Lenin‎ > ‎1905‎ > ‎

Wladimir I. Lenin 19051010 Die Vertretung der SDAPR im Internationalen Sozialistischen Büro

Wladimir I. Lenin: Die Vertretung der SDAPR

im Internationalen Sozialistischen Büro1

[Proletarij", Nr. 20, 27. September/10. Oktober 1905. Nach Lenin, Sämtliche Werke, Band 8, Wien-Berlin 1931, S. 370-372]

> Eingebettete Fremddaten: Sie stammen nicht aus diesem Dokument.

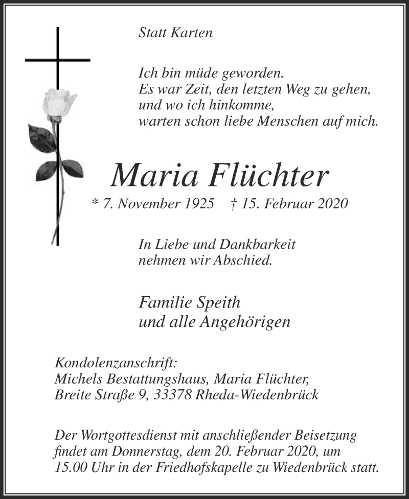 Hier finden Sie alle Traueranzeigen aus der Zeitung, die bisher für Maria Flüchter erschienen sind. Weitere Traueranzeigen, die in der Zeitung erscheinen, werden hier ebenfalls aufgelistet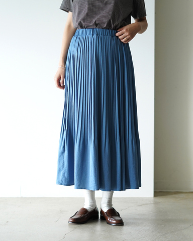 裾に向かってプリーツを消す設計により、腰まわりはすっきりと、足元には軽やかな動きを演出。甘さを控えたシルエットで、カジュアルからきれいめまで幅広く馴染みます。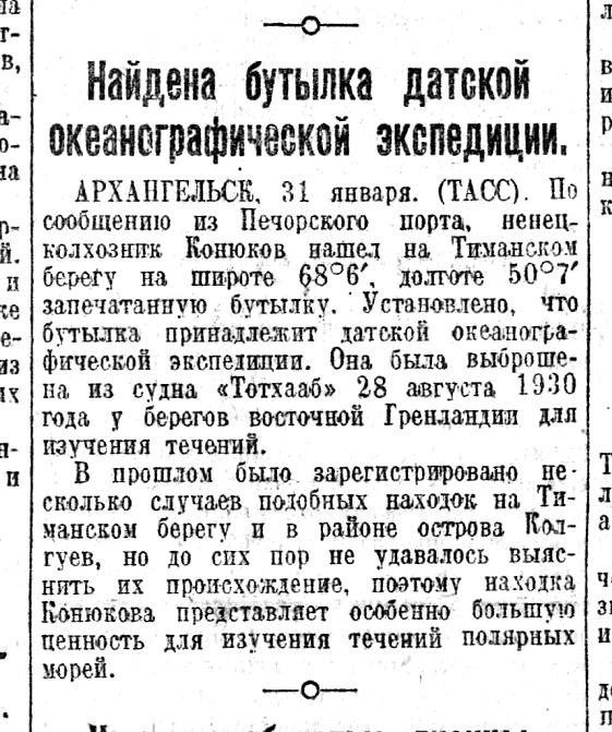 В Арктический институт поступили три открытки из буев, в свое время выброшенных в море Лаптевых и в Карском море с "Сибирякова", "Седова" и "Товарища Сталина" и найденных на северном побережье Исландии.
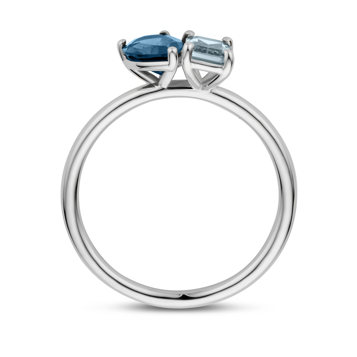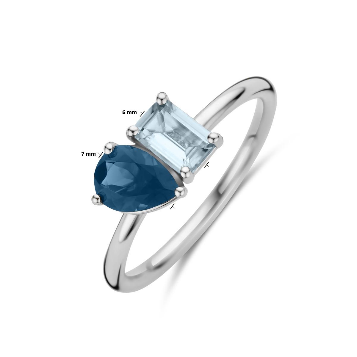 14k Witgouden ring uitgevoerd met sky blue topaas en london blue topaas. De ring heeft een breedte van 7mm. De stenen hebben een afmeting van 7x5mm en 6x4mm.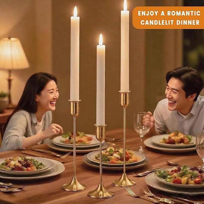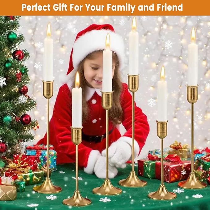 - ✅ Elegant 6-Piece Set: Set of 6 gold taper candle holders made from durable matte metal, designed to hold standard taper candles. Perfect for adding a modern, elegant touch to dining tables, mantels, coffee tables, weddings, dinner parties, or home decor settings. This gold candle holders set is suitable for candle sticks and taper candles, each one can fit 3/4 inch and 7/8 inch small candles as well as LED cone candles to match your dining table decor.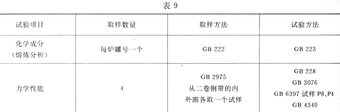 6.5每批钢带的试验项目、取样数量、取样方法和试验方法应符合表9的规定。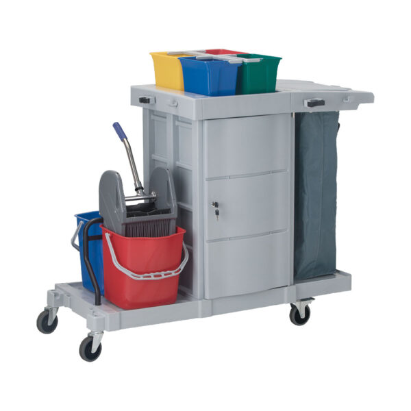 Πολυχρηστικό καρότσι καμαριέρας με ντουλαπάκι που κλειδώνει, 4 κουβάδες των 6L, σακούλα 75L και 2 κουβάδες σφουγγαρίσματος των 18L ο καθένας.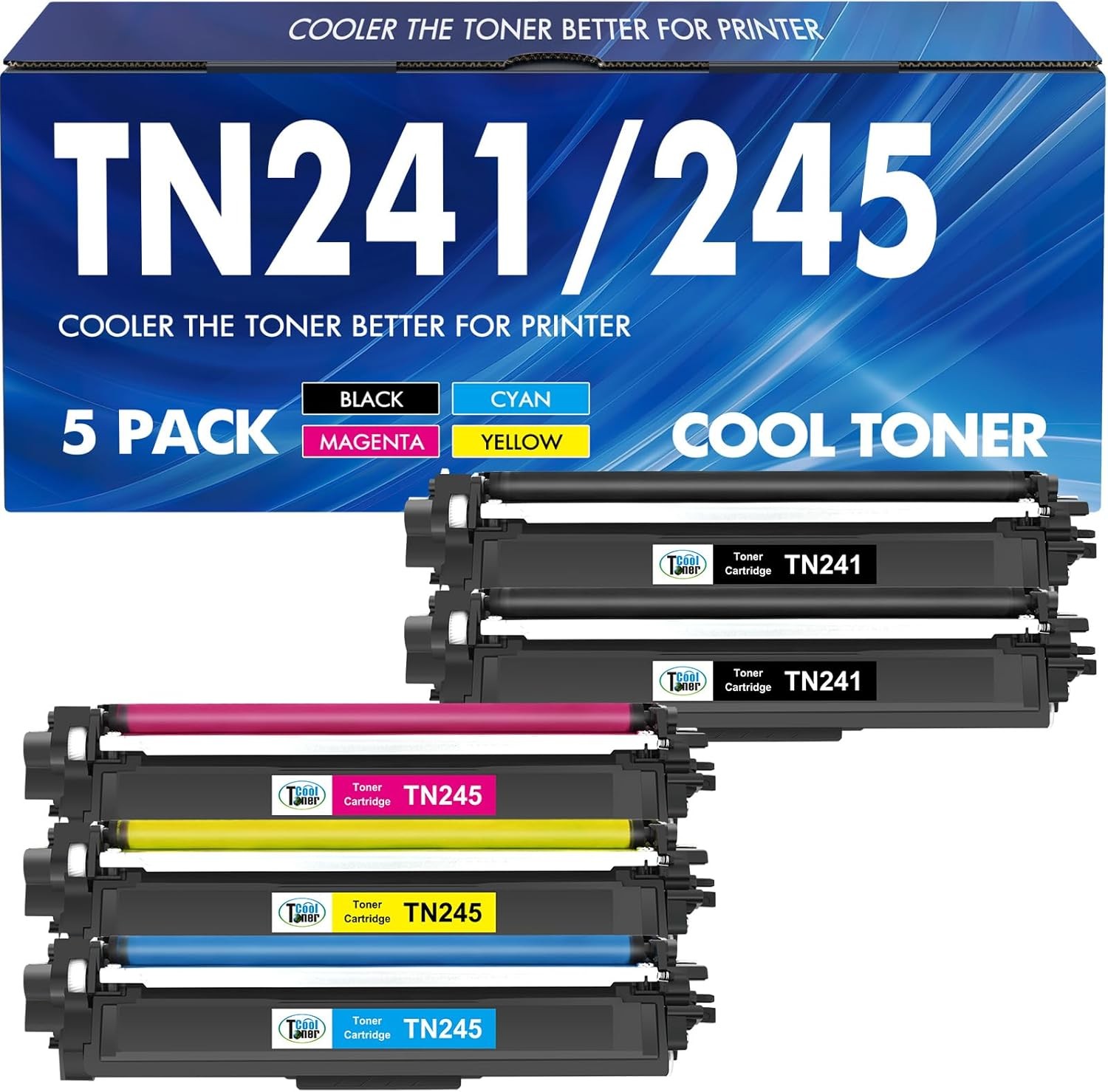 TN241 TN245 Toner Compatible for Brother TN-241 TN-245 TN241BK for Brother DCP 9020CDW 9015CDW MFC 9330CDW 9340CDW HL 3140CW 3150CDW 3170CDW DCP-9020CDW (Black Cyan Magenta Yellow, 5-Pack)

Die „Konstituierende Konferenz des Südens" der Menschewiki hat zu dieser Frage die folgende Resolution angenommen:

Nach Kenntnisnahme der Dokumente, aus denen hervorgeht, dass Genosse Lenin, ohne in der Frage der Vertretung der SDAPR im Internationalen Büro irgendwelche Schritte zur Verständigung mit der ,Minderheit' unternommen zu haben, diese Frage dort zum Kampfobjekt der beiden Teile der Partei gemacht und belanglose fraktionelle Meinungsverschiedenheiten in den Vordergrund gestellt hat, drückt die Konferenz der Organisationen des Südens ihr tiefes Bedauern darüber aus, bittet gleichzeitig den Genossen Plechanow, unseren Teil der Partei im Internationalen Büro weiter zu vertreten, und wendet sich an alle Organisationen der ,Mehrheit' mit dem Vorschlage, sich sofort über diese Frage zu äußern und Genossen Plechanow sowohl im Interesse der von uns angestrebten Einheit als auch um das uns allen gleich teure Prestige der SDAPR in den Augen aller übrigen sozialistischen Parteien der anderen Länder zu wahren, mit dieser Vertretung zu betrauen."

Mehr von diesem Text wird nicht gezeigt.